Scientists have yet to fully understand how crystallization occurs, but the importance of surfaces in promoting the process has long been recognized. Research from Pacific Northwest National Laboratory (PNNL), the University of Washington (UW), and Durham University sheds new light on how crystals form at surfaces. Their results were published in Science Advances.

Previous studies on crystallization led scientists to form the classical nucleation theory—the predominant explanation for why crystals begin to form, or nucleate. When crystals nucleate, they begin as very small ephemeral clusters of just a few atoms. Their small size makes the clusters extremely difficult to detect. Scientists have managed to collect only a few images of such processes.

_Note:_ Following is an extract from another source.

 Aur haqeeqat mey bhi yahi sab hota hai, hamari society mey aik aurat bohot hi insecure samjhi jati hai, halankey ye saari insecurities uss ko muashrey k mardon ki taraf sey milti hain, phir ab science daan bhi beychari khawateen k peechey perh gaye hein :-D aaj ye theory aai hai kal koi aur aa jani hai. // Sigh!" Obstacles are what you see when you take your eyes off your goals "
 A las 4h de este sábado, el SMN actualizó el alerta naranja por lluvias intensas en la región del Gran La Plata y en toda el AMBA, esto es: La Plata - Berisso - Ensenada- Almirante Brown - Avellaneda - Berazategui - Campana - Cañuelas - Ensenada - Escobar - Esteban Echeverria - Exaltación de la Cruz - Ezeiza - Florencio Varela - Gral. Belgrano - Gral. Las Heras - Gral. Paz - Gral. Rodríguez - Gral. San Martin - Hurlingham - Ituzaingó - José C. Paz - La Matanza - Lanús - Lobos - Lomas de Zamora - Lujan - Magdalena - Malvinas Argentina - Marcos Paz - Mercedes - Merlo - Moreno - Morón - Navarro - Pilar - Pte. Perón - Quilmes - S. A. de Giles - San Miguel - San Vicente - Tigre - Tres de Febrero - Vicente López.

“New technologies are making it possible to visualize the crystallization process as never before,” said PNNL Physical Sciences Division Chemist Ben Legg. He partnered with PNNL Battelle Fellow and UW Affiliate Professor James De Yoreo to do just that. With the help of Professor Kislon Voitchovsky from Durham University in England, they used a technique called atomic force microscopy to watch the nucleation of an aluminum hydroxide mineral on a mica surface in water.

Mica is a common mineral, found in everything from drywall to cosmetics. It often provides a surface for other minerals to nucleate and grow. For this study, however, its most important feature was its extremely flat surface, which allowed researchers to detect the few-atom clusters as they formed on the mica.

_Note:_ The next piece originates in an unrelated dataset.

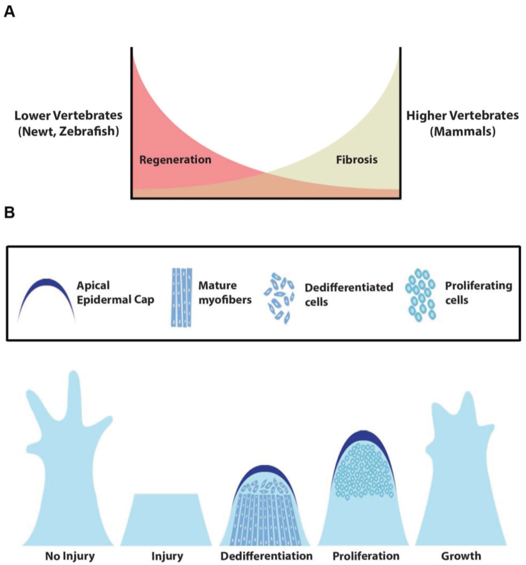 Regeneration and scar formation. (A) Lower vertebrates (newt and zebrafish) have tremendous potential to regenerate with minimal scar formation. In contrast, higher vertebrates (mammals) have a restricted regenerative ability marked by increased fibrosis and scar formation; (B) In the regenerative systems, tissue regeneration occurs in multiple steps including wound healing, dedifferentiation, proliferation, growth and patterning. Following injury, the epithelial cells proliferate to cover the injured area and form a multiple layered apical cap. Signaling from the regenerating regions initiate dedifferentiation of mature cells followed by proliferation, growth and redifferentiation. Note the key is in the upper panel.

What Legg and De Yoreo observed was a crystallization pattern that was not expected from the classical theory. Instead of a rare event in which a cluster of atoms reaches a critical size and then grows across the surface, they saw thousands of fluctuating clusters that coalesced into an unexpected pattern with gaps that persisted between crystalline "islands."

After careful analysis of the results, the researchers concluded that while certain aspects of the current theory held true, ultimately their system followed a nonclassical pathway. They attribute this to electrostatic forces from charges on the mica surface. Because many types of materials form charged surfaces in water, the researchers hypothesize that they observed a widespread phenomenon and are excited to look for other systems where this nonclassical process might occur.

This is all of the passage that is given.